Histidine to histamine conversion

Histamine causes vasodilatation and bronchoconstriction. In the stomach it stimulates the secretion of hydrochloric acid (HCl). Histamine binds to H1 receptors in the stomach, stimulating the release of gastric acid. Pharmacological blockers of H1 receptors are used in the treatment of gastric reflux. H2 receptors are located on basophils; histamine stimulates their degranulation during the allergic responses. H2 receptor blockers are used to treat allergic conditions. Histamine is produced from Histidine by:

A. Deamination

B. Transamination

C. Carboxylation

D. Decarboxylation

E. Methylation

The correct answer is D- Decarboxylation.

Histamine is a biogenic amine. A biogenic amine is a potent signaling molecule formed from an amino acid by decarboxylation. Histamine, for example, is made from the common amino acid histidine by decarboxylation.

The reaction is catalyzed by histidine decarboxylase, (figure-1). The enzyme requires B6-P as a coenzyme. Bacteria also are capable of producing histamine using histidine decarboxylase enzyme unrelated to those found in animals. A non-infectious form of food born disease, occurs due to histamine production by bacteria in spoiled food, particularly fish. Fermented foods and beverages naturally contain small quantities of histamine due to a similar conversion performed by fermenting bacteria or yeasts.

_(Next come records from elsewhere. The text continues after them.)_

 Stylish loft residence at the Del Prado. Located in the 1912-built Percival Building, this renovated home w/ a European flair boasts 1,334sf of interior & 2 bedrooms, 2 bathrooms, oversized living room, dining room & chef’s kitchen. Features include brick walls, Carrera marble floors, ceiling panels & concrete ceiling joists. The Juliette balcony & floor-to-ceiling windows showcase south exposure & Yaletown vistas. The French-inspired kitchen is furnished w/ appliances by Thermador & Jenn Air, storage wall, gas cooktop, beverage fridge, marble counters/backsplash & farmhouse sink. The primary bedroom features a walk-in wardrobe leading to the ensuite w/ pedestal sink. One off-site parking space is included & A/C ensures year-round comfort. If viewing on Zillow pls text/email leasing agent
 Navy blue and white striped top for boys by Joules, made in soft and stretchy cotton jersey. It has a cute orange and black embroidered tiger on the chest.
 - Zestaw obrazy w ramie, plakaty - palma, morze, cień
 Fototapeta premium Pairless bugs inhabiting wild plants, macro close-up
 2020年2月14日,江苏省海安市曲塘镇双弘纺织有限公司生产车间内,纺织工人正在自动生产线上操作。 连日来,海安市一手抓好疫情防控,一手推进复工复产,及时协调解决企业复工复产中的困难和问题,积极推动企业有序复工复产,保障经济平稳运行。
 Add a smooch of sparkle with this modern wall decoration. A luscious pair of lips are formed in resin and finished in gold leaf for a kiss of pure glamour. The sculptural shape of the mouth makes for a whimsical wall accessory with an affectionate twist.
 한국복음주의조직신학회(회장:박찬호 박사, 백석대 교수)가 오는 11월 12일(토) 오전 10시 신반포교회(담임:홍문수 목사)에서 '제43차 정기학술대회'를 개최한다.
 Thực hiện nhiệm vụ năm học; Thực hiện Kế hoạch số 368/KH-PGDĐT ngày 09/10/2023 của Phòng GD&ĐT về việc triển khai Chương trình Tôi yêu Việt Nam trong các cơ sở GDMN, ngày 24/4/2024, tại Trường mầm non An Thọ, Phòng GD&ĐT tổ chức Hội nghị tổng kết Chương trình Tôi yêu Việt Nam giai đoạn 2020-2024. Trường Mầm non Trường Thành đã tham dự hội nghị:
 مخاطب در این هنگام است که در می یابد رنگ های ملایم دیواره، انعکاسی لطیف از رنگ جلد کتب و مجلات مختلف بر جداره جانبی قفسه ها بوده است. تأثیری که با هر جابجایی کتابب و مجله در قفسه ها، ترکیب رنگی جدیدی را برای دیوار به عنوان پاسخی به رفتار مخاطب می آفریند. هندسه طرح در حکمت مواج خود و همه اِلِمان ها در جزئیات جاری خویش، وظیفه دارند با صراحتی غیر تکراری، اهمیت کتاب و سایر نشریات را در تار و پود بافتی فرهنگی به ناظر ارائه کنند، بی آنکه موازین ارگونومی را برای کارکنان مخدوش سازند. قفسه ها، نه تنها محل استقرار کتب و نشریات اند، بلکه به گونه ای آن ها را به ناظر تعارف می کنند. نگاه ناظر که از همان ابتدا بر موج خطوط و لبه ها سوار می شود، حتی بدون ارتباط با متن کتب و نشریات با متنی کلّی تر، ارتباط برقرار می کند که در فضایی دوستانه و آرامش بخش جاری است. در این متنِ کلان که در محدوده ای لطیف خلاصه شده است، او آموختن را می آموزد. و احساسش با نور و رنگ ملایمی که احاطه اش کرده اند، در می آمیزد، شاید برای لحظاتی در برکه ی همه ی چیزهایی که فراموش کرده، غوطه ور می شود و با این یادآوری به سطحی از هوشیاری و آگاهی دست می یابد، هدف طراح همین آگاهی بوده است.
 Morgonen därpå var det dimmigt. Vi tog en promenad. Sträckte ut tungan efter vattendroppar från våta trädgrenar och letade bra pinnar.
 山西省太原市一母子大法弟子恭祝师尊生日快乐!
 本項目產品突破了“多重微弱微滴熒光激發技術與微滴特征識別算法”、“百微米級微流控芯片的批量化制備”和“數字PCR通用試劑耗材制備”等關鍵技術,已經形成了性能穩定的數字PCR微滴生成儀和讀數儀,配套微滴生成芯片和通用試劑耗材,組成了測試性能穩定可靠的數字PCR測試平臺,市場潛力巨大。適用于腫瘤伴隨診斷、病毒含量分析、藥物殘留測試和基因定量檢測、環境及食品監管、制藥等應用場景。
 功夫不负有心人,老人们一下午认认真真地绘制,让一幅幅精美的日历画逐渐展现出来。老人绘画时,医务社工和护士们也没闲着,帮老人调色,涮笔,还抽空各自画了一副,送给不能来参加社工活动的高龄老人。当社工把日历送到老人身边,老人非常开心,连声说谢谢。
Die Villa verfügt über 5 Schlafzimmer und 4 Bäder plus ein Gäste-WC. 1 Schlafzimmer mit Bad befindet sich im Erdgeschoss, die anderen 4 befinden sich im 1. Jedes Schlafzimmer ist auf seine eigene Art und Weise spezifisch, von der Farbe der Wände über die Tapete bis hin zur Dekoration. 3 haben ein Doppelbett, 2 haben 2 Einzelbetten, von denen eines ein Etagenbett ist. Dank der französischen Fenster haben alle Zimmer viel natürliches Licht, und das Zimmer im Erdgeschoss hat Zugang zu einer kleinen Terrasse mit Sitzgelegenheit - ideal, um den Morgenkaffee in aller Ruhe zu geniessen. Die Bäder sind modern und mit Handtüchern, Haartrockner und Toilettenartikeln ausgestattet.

Most histamine in the body is generated in granules in mast cells, basophils and eosinophils. Non-mast cell histamine is found in several tissues, including the brain, where it functions as a neurotransmitter. Another important site of histamine storage and release is the enterochromaffin-like (ECL) cell of the stomach.

histamine synthesis

Figure-1-The histidine to histamine conversion is catalyzed by histidine decarboxylase

Role in allergies and inflammation – Histamine release occurs when allergens bind to mast-cell-bound IgE antibodies. Upon first exposure to an allergen, the mast cells get sensitized by IgE and upon second exposure, the allergen cross links the IgE leading to degranulation and release of histamine(Figure-2)

Histamine release

Figure-2- Histamine release from mast cells.

Other Biogenic amines

The most common biogenic amines synthesized from their respective amino acids are

Arginine—Agmatine

Lysine—Cadaverine

Ornithine—Putrescine, Spermine, Spermidine

Phenylalanine—Phenyl ethylamine

Tryptophan—Tryptamine, Serotonin

Tyrosine–Tyramine

Glutamic acid- Gamma amino butyric acid (GABA)

As regards other options

A. Deamination- Deamination is the process of removal of alpha amino group of amino acids. It can be oxidative or non oxidative. Oxidative deamination reactions require FMN or FAD, whereas non oxidative reactions require B6-P as coenzymes.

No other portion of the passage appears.